About the job DevOps Engineer
Do
you like when sites stay up, like all the time? Do you enjoy finding new and
creative ways of surfacing poor quality code in production? Do you think that
Netflix’s simian army of chaos is the best thing ever? You may well be exactly
who we are looking for! We at Lalamove are now looking for a highly trained SRE
who can help us prevent downtime and provide visibility for our engineers into
what things may go wrong.
You’d be a part of the infrastructure team here at Lalamove and work closely
with production engineers, security experts and tooling software engineers to
achieve the ultimate goal of plentiful 9s.
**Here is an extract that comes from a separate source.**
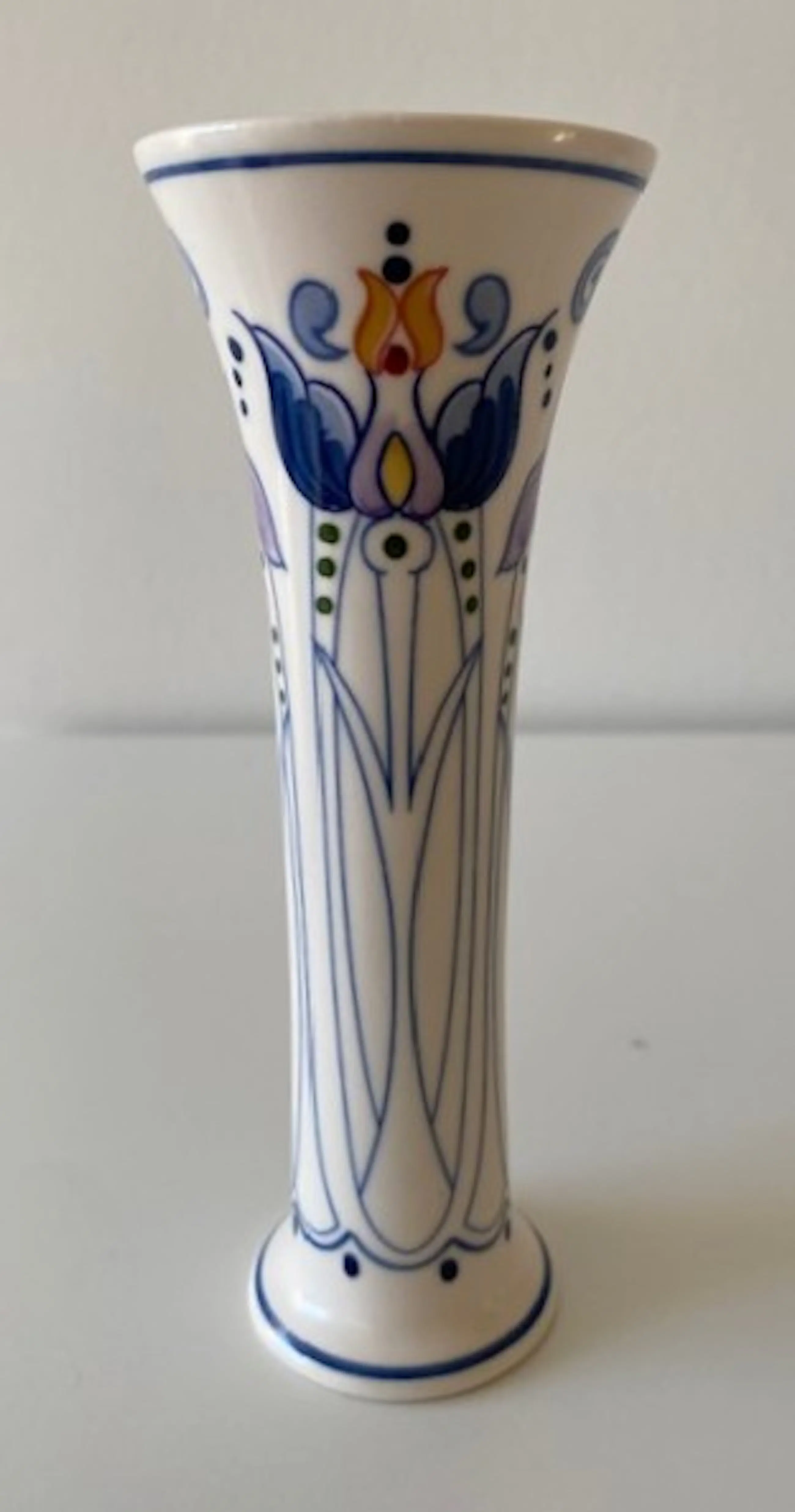 - Schitterende smalle vaas "Amata"met handgeschilderd art nouveau decor *) Limited edition 699/999 tbv Holland Amerika Lijn (HAL). - Reclame item Royal Goedewaagen /Holland Amerika Lijn (jubileum world cruises ms Amsterdam 2008)

You’d also work on outreach and
education within the greater engineering organisation.
What We Imagine You’d Be Doing
· Plan, set up and manage the monitoring infrastructure
· Educate developers on what kinds of application level metrics could be valuable
· Ensure we have a relevant RED dashboard for our business
· Help out on the most challenging root cause analysis
· Find and fix bugs deep inside the systems we are using
· Plan and implement reliable recovery process
·
Ensure our applications are
resilient to infrastructure level failures (chaos testing)
What
We’re Looking For
· At least 4+ years of experience
· Experience in cloud(AWS) infrastructure
· Strong programmer in systems languages (Go, NodeJS, etc)
· Experience with different kinds of monitoring tools and can tell which ones are good for what
·
Someone who thinks an
opensource-first policy makes sense